-- What to produce --
Go to the line containing "Handblock Ajrak Print" in the material below. From there to the end, retype every line exactly and drop the pictures.

-- Available data --
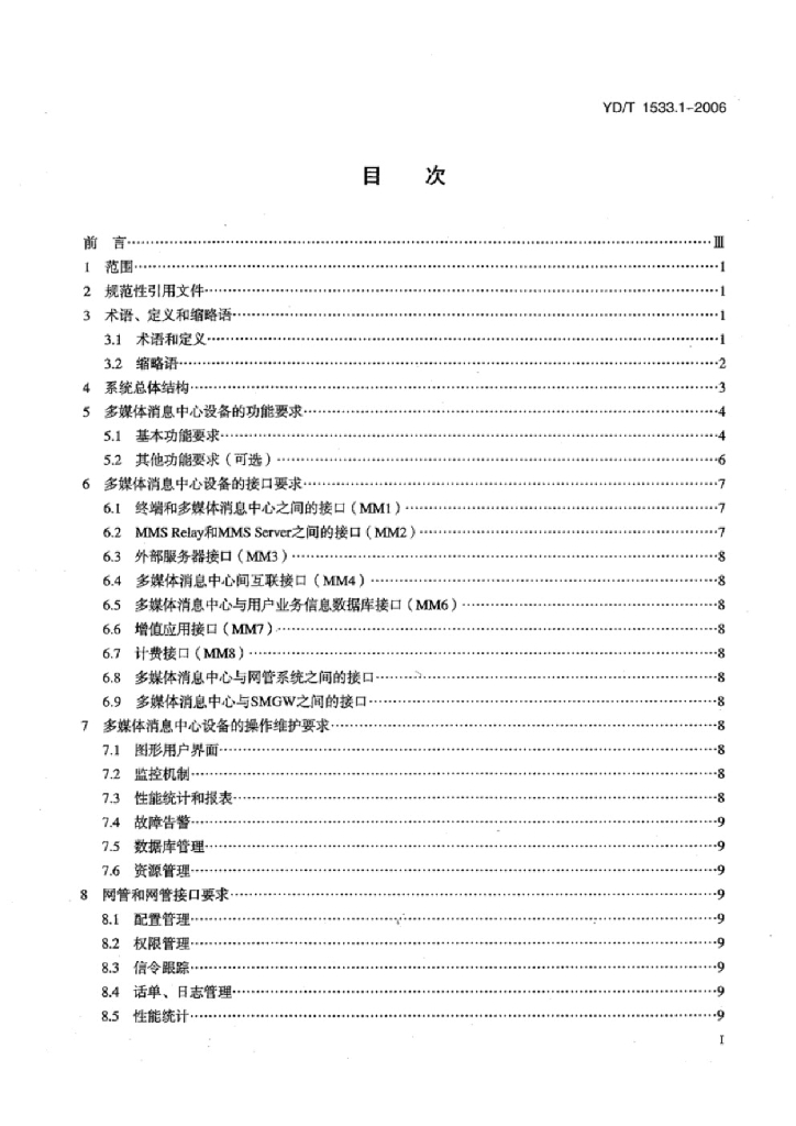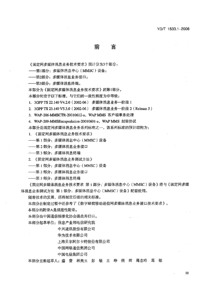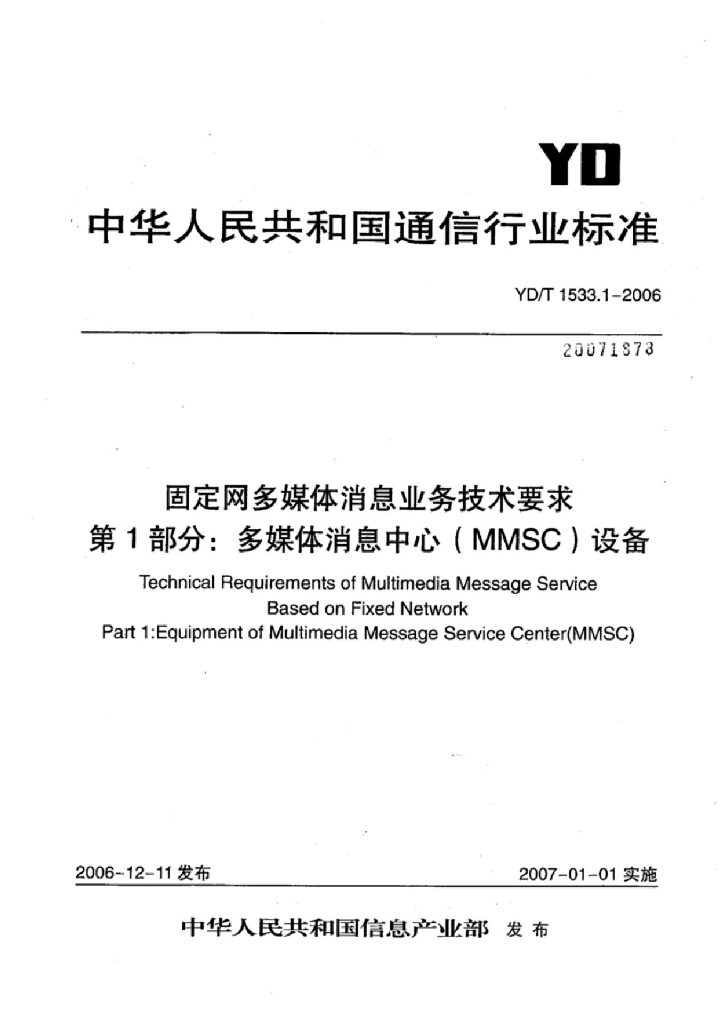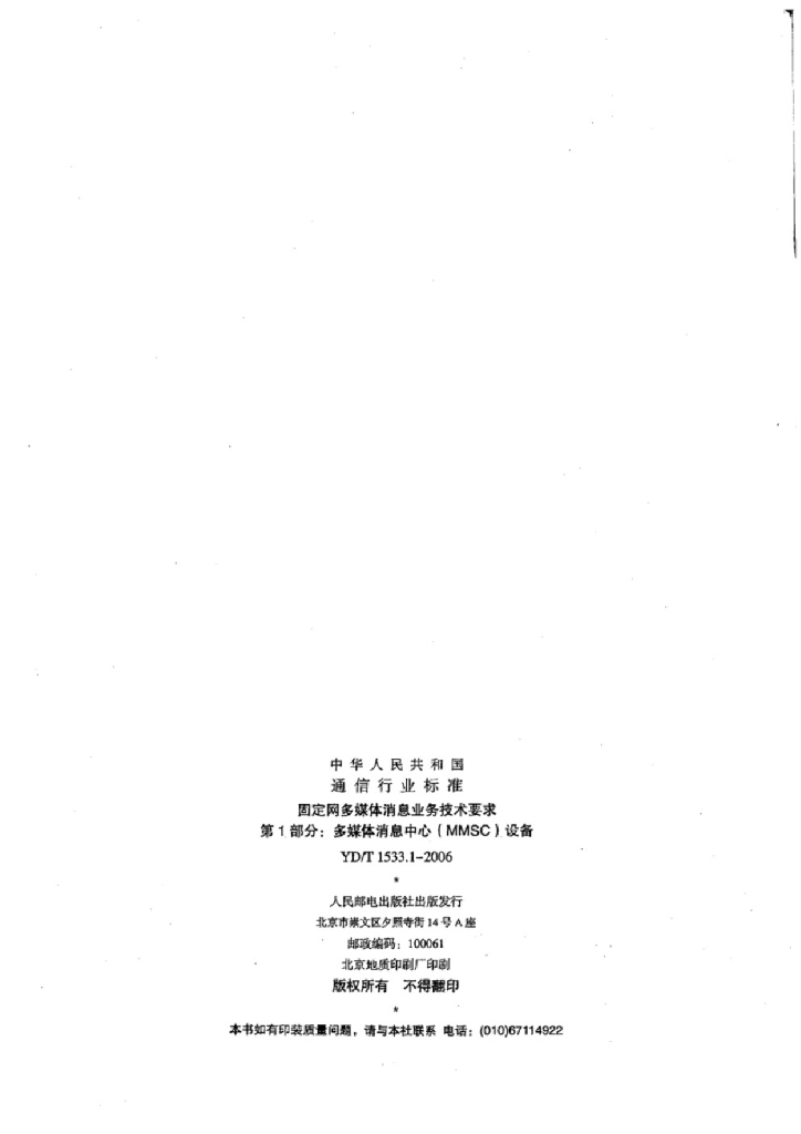 YD/T 1533.1-2006 固定网多媒体消息业务技术要求 第1部分:多媒体消息中心(MMSC)设备
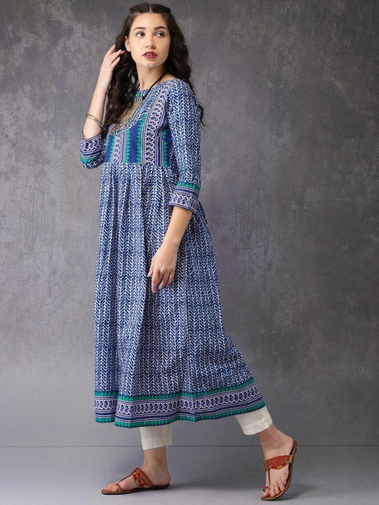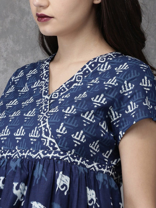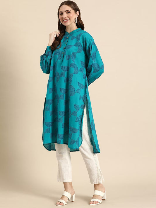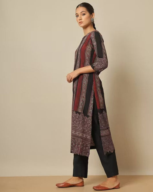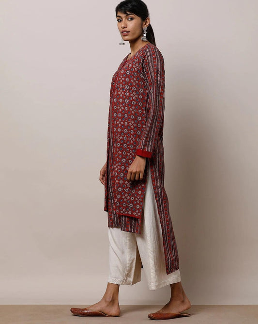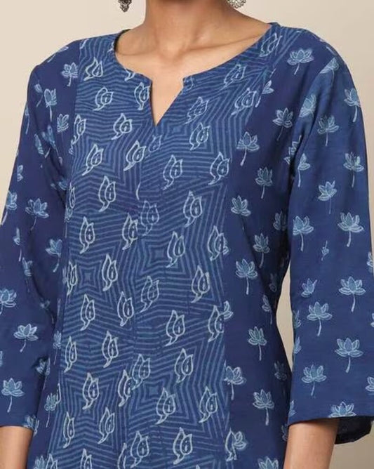 Handblock Ajrak Print Cotton Straight Kurta/Women Ethnic Kurta India/ Cotton/ Indigo/
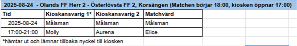 Nu är det dags att bemanna kiosk och matchvärd vid kommande herrmatch.
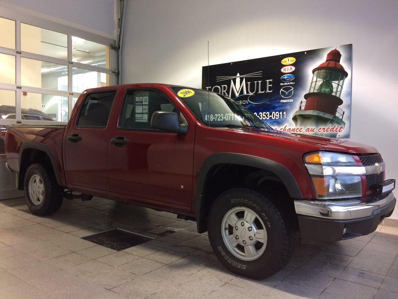 Chevrolet Colorado 2006\n\nRégulateur de vitesse, Essuie-glaces intermittents, Anti-démarreur, Freins ABS, Coussin gonflable conducteur, Lecteur CD, Portes électriques, Vitres électriques, Air climatisé, Lampes de lecture arrière, Volant ajustable, Tapis protecteurs, Attelage remorque, Phares automatiques, Rétroviseur électrique, Direction assistée, Siège conducteur - soutien lombaire, Freins à disque, Verrous de sécurité pour enfants, Climatisation\n\nPOUR LE PLUS GRAND CHOIX À UN SEUL ENDROIT, LE MEGA CENTRE DE L'USAGÉ DANS L'EST DU QUÉBEC. COUVRANT LA GRANDE RÉGION DE RIMOUSKI, MATANE, MONT-JOLI, RIVIÈRE-DU-LOUP, STE-ANNE DES MONTS, MATAPÉDIA,GASPÉSIE... CONTACTEZ-NOUS SANS FRAIS AU 1-877-864-3666 LIVRAISON PARTOUT AU QUÉBEC.

-- Response to the task --
 Handblock Ajrak Print Cotton Straight Kurta/Women Ethnic Kurta India/ Cotton/ Indigo/
 Nu är det dags att bemanna kiosk och matchvärd vid kommande herrmatch.
 Chevrolet Colorado 2006\n\nRégulateur de vitesse, Essuie-glaces intermittents, Anti-démarreur, Freins ABS, Coussin gonflable conducteur, Lecteur CD, Portes électriques, Vitres électriques, Air climatisé, Lampes de lecture arrière, Volant ajustable, Tapis protecteurs, Attelage remorque, Phares automatiques, Rétroviseur électrique, Direction assistée, Siège conducteur - soutien lombaire, Freins à disque, Verrous de sécurité pour enfants, Climatisation\n\nPOUR LE PLUS GRAND CHOIX À UN SEUL ENDROIT, LE MEGA CENTRE DE L'USAGÉ DANS L'EST DU QUÉBEC. COUVRANT LA GRANDE RÉGION DE RIMOUSKI, MATANE, MONT-JOLI, RIVIÈRE-DU-LOUP, STE-ANNE DES MONTS, MATAPÉDIA,GASPÉSIE... CONTACTEZ-NOUS SANS FRAIS AU 1-877-864-3666 LIVRAISON PARTOUT AU QUÉBEC.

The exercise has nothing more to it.